On the form edit page when you click “Update Options”, the browser window appears to refresh and load the form again, but none of the settings you just entered show up on the form (or just some are not showing as changed). This can happen to the WordPress and the PHP version. The problem may also appear when trying to add new forms, or more fields.
This can happen on some servers because the admin form edit page has over 200 fields on it. If you add new forms, or more fields you can get into the 1000’s of fields. Some servers limit the maximum number of post fields to 100, 200, 1000, etc. Once you hit this limit, the problem appears. PHP 5.3.9+ has max_input_vars set to 1000 by default. The solution is to adjust the setting to a higher number, such as 2000, or 3000 as needed:
Configure the PHP max_input_vars setting
These settings are sometimes available in the php.ini directive called max_input_vars
Edit the server php.ini or in some cases you can add a secondary php.ini inside the account (domain) folder.
Configure the php.ini like this:
max_input_vars = 3000
You may need to do this via .htaccess (on a shared host for instance), use:
php_value max_input_vars 3000
Check for and configure Suhosin
Some servers use a PHP Suhosin patch/extension that imposes limitations on POST vars, which can prevent certain forms from working properly. When the Suhosin number of fields limits are exceeded, Suhosin’s default behavior is to log its errors to syslog, not the Apache error log. Suhosin does not even show any errors on the screen to indicate what just happened.
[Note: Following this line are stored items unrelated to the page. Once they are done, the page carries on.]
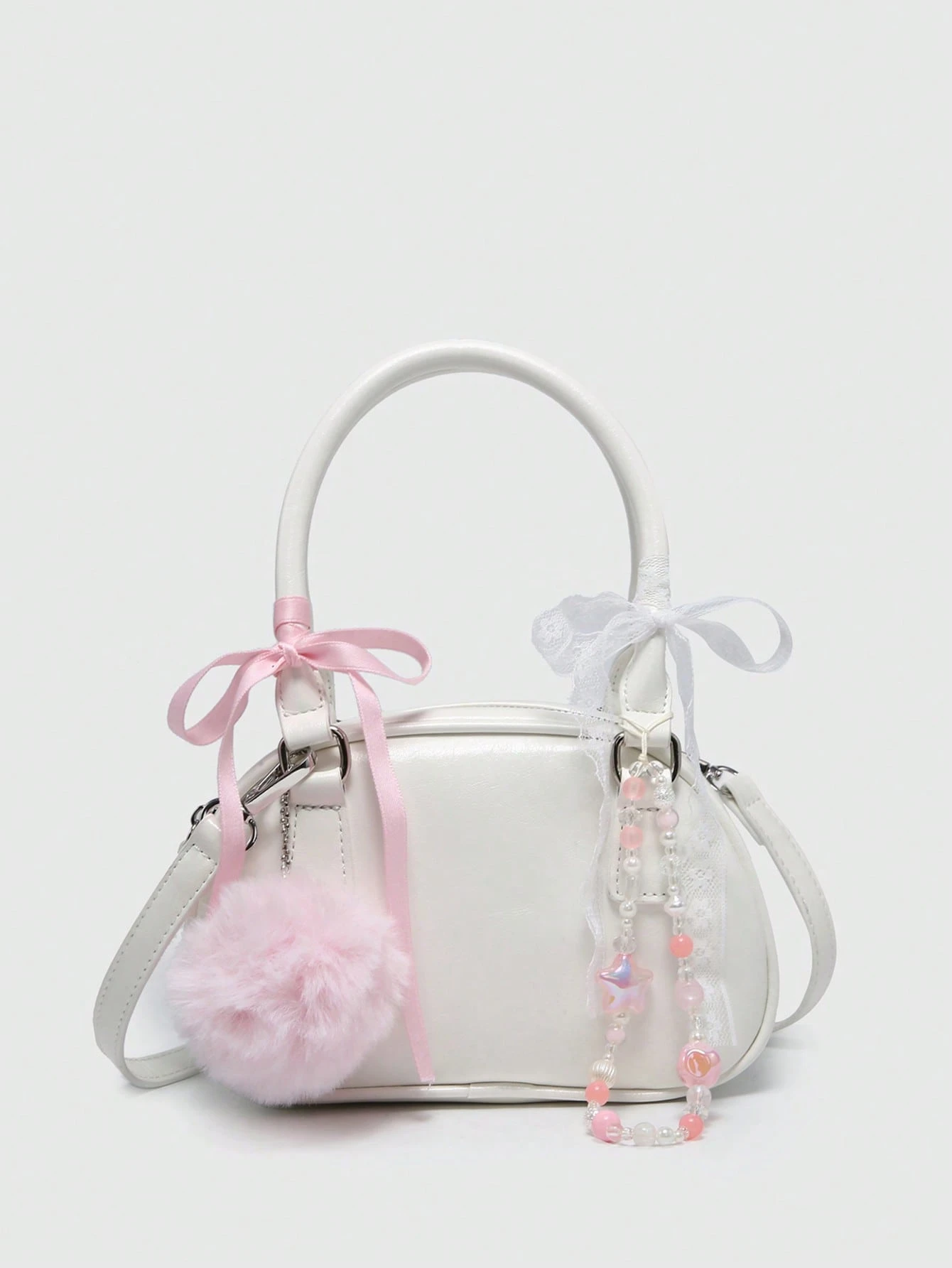 Bolso de mano mini con decoración de lazo, perla y cereza con estilo de ballet para mujer
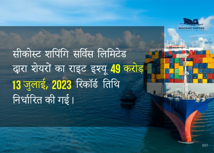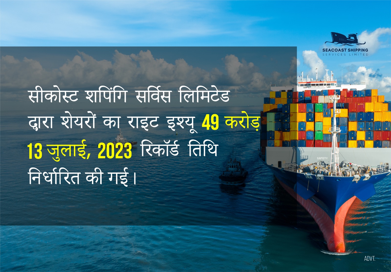 સીકોસ્ટ શિપિંગ સર્વિસિસ લિમિટેડ (Seacoast Shipping Services Limited) મૂડી એકત્ર કરવા અને તેની નાણાકીય સ્થિતિને વધુ મજબૂત કરવા માટે ઇક્વિટી શેરનો રાઇટ ઇશ્યૂ હાથ ધરવાના નિર્ણયની જાહેરાત કરતાં ખુશ છે. સંપૂર્ણ પેઇડ-અપ ઇક્વિટી શેરના ઇશ્યૂ અને ફાળવણી માટે રૂ. 1/- દરેક (ઇક્વિટી શેર્સ) કંપનીના પાત્ર ઇક્વિટી શેરધારકોને અધિકારોના આધારે બોર્ડ ઓફ ડિરેક્ટર્સે ડ્રાફ્ટ લેટર ઑફ ઑફર (DLOF)ને મંજૂરી આપી છે.
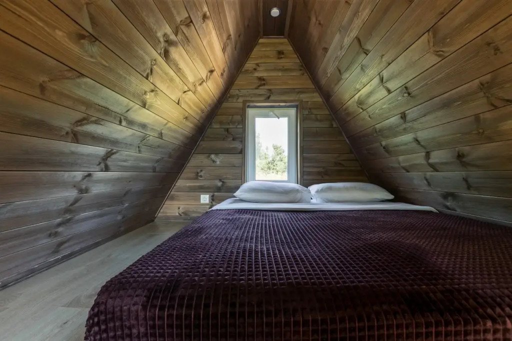 Размер спального места кровати 160*200, раскладного дивана 150*200. Постельное белье и полотенца входят в стоимость аренды А-фрейм дома. В наличии ортопедические матрасы. Они делают сон максимально комфортным.
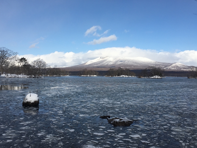 Ōnuma partially frozen over, with Hokkaido Komagatake in the background. (Image credit: Kevin Koh)
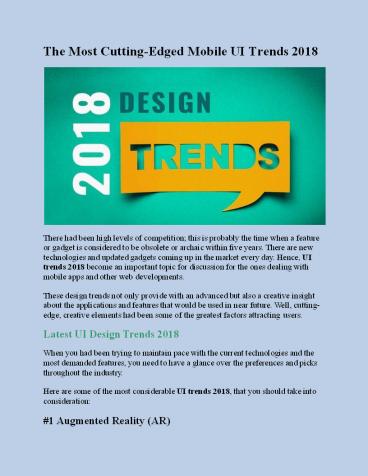 Title: The Most Cutting-Edged Mobile UI Trends 2018
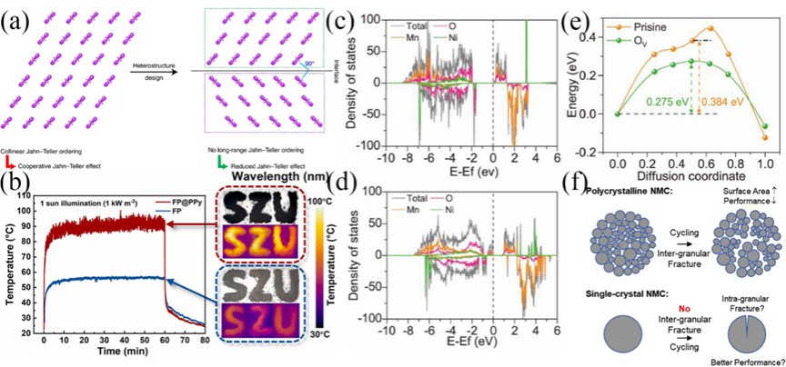 Figure 11. (a) Failure of the JT effect due to clamped orbitals. (b) Temperature changes of FP and FP@PPy under 1 sun simulation light. The inset on the right shows digital images and infrared thermal images. The density of states of LNMO-Pristine (c) and LNMO-OVs (d); (e) Comparison of lithium diffusion energy barrier curves for LNMO-Pristine and LNMO-OVs. (f) Different reactions at grain boundaries during cycling of polycrystalline and monocrystalline NCM.

How to check if your server has Suhosin:
Put this PHP code in a test.php file and use and FTP program like FileZilla to upload it to your server.
<?php phpinfo(); ?>
Next, view the page in on your web site URL. This page will show PHP information with details about the PHP server configurations. After the page is loaded use your web browser to find on the page the word: “Suhosin”. If it finds the Suhosin word, your server does have it. Be sure to remove the test.php page when you are done because leaving this information online can be a low level security risk.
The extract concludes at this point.